Tom Donilon is a distinguished fellow at the Council on Foreign Relations and a senior fellow at Harvard’s Belfer Center. He was national security adviser from 2010 to 2013.
Questions have arisen in recent months about the sustainability of the United States’ rebalance toward Asia. The costly cancellation of President Obama’s trip to the region during the U.S. government shutdown last fall fueled that skepticism, which has only grown as urgent foreign policy challenges have required U.S. leadership in the Middle East and Europe.
Yet the rebalancing of U.S. priorities and resources toward Asia remains the right strategy. This reorientation does not imply a turn away from allies in other regions or an abandonment of our commitments elsewhere. It represents a shift away from the war efforts in the Middle East and South Asia that have dominated U.S. national security policy and resources for the past decade and a shift toward the region that presents the most significant opportunity for the United States.
Every U.S. administration must ensure that the inevitable cascade of crises does not crowd out the development of long-term strategies.

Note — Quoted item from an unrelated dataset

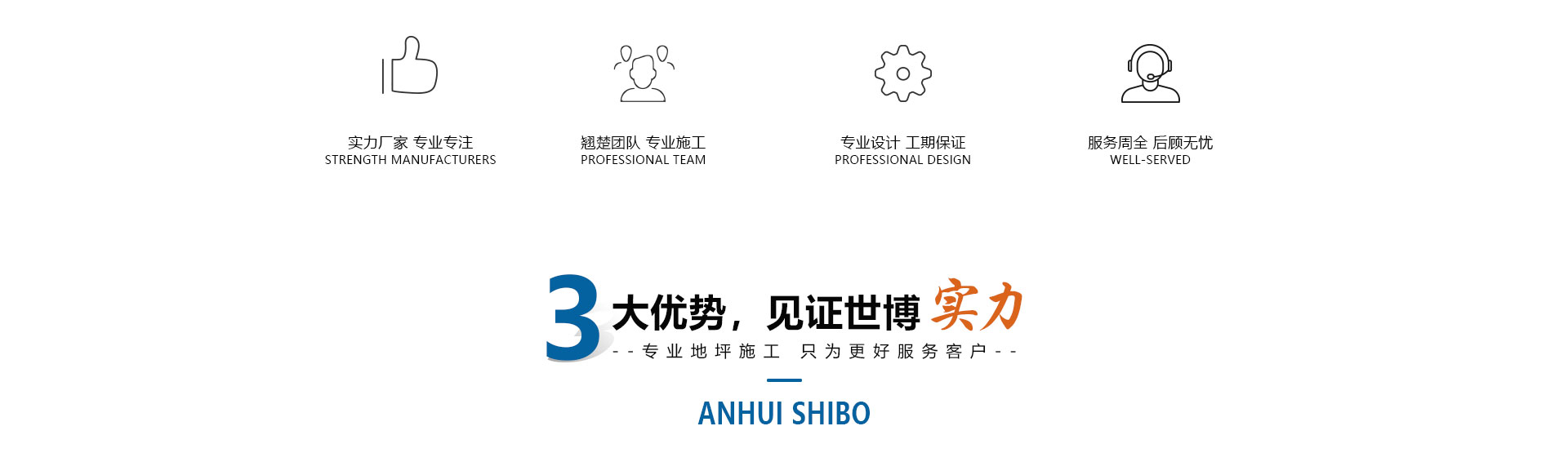 安徽世博裝飾工程有限公司成立于2009年,是一家以外墻涂料、工業地坪設計、施工和銷售為主要的專業性工程公司、是工業地坪施工的專業企業。公司設立了售后服務中心,用戶遍布全國大中小城市,一大批具有標志性的長期合作伙伴。“世博公司”環氧地坪工程,受到了越來越多的不同行業用戶的好評及青睞。公司擁有一批經驗豐富的管理人員和專業的施工人員,以保障產品的成功應用,用較小的代價獲得理想的效果,尤其在地坪涂裝方面優勢突出。而且以好的品質管理模式,向客戶提供“獨具魅力”、“性能優異”、“質量穩定”的產品。公司主要產品包括:平涂型環氧地坪、環氧砂漿地坪、環氧樹脂自流平地坪、滾涂型防靜電地坪、自流平防靜電地坪、復古地坪、水性環氧樹脂地坪、彩色透水混凝土地坪、壓花壓模藝術地坪、金剛砂耐磨硬化地坪、混凝土密封固化劑地坪、乙烯基酯重防腐地坪、GEP 標準型地坪、彈性PU運動場地坪、塑膠跑道地坪,PVC橡膠地板、停車場地坪、無震...

So at the outset of his first term, Obama directed his national security team to assess the projection and focus of U.S. power around the world.
The administration concluded that the United States had become substantially underinvested in the Asia-Pacific region — diplomatically, militarily, commercially and in terms of policymaker attention. We began implementing the rebalance from the very start: Secretary of State Hillary Clinton’s first trip in office was to Asia, something no secretary of state had done since 1961.
The decision to rebalance stemmed from a recognition of the United States’ crucial role in supporting Asia’s social and economic development. Were it not for 70 years of U.S. investment in the unimpeded flow of commerce and the preservation of peace, Asia would be less secure, less prosperous and less free. Today, territorial disputes, nationalism, changing power dynamics and the North Korean threat make the U.S. presence all the more essential.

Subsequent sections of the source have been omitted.